2. Beta 1.091 introduced changes to the chase lighting to improve LED performance. I assume this involved changing the voltage range or somehow attenuating low voltages to eliminate strobing. If this is the case could corrosion or tarnishing on the pins on the driver board or connectors further exacerbate the issue?
I doubt #1 is the issue as both Korn and I got ours in December way before the rest. Now there might have been a corruption to his and a re-image can fix, but in that case just uninstall and reinstall the existing beta code first to see if that fixes it.
Quoted from Cheddar:How would a beta reinstall work? Anybody have to do one?
delete the existing one, i believe its in the menus, then reinstall. They mentioned at the beta start we would need to remove old versions over time due to space limitations on the HD.
Quoted from calvin12:delete the existing one, i believe its in the menus, then reinstall. They mentioned at the beta start we would need to remove old versions over time due to space limitations on the HD.
worth a try
Is this a pinmame issue or do I have something wrong? Here is what happens in 1.0. In 2.0 the coils fire correctly in test.
If I go into test mode I get:
- All lamps work perfectly
- All flashers work perfectly
- All high voltage coils work perfectly
- No low voltage coils will fire
- All switches register correctly (little funky with the switches for the items that go to the low voltage coils)
- If I press the switch for something that is associated to a low voltage coil the coil fires and switch registers.
Some examples -
- Testing the sling shots. In test the coil will not fire. I move to switch test and when I press on one of the leaf switches the sling fires.
- Same thing happens for all the pop bumpers and the other two sling shots.
Does anyone have a clue what I could have done wrong?
Quoted from Cheddar:Beta 1.091 introduced changes to the chase lighting to improve LED performance. I assume this involved changing the voltage range or somehow attenuating low voltages to eliminate strobing. If this is the case could corrosion or tarnishing on the pins on the driver board or connectors further exacerbate the issue?

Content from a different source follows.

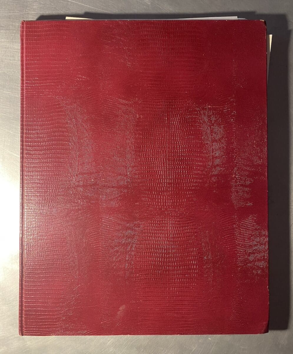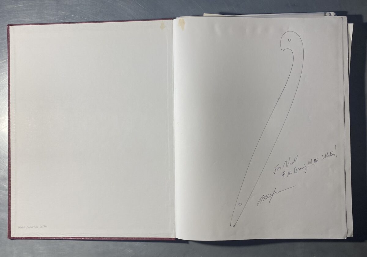 Red Snakeskin leather-bound sketchbook in which all drawings acquired from Michael Wolfson arrived. Now only contains the xerox prints of Zollhof 3 Media Park, Tomigaya, and Kurfürstendamm. Opens with a stencil of the French curve and a dedication from Michael Wolfson to Drawing Matter.

I believe that Koen adjusted the timing on the code that clocks the data into the helmet lamps. Clocking the data in faster should in theory reduce ghosting, but it's a fine balance between clocking "fast enough" versus "just a little too fast for some old boards to keep up with". Maybe he'll dial it back a little.
It's purely a software timing thing though - from the code there's no way to change voltages.
Just a FYI that I got 2.0 up and running again. Fried a couple of chips on my PROC when adjusting the pop switches. Gerry at PROC really went out of his way to help me get back up and running. Can't say enough great things about him.
Quoted from sd_tom:Is proc all SMT or some through hole stuff? I've never looked at one up close
Most of it is SMT, but the components related to the switch matrix (and so most likely to be damaged if bad voltages get in) are socketed through hole components... Like any board though, push enough voltage where it shouldn't be and you could fry things further up the chain
Is the head supposed to keep spinning while in multiball? Mines doing this and I'm not sure why as it always comes back to the correct home spot so it seems as though it's not having an issue finding where it's at.
The head should not keep spinning during multiball. Please check the head switch and be sure it is registering every time.
--Scott
Quoted from 85vett:Is the head supposed to keep spinning while in multiball? Mines doing this and I'm not sure why as it always comes back to the correct home spot so it seems as though it's not having an issue finding where it's at.
def not, even when you lose MB it should stay in place until the ball is in the scoop, lock or outhole.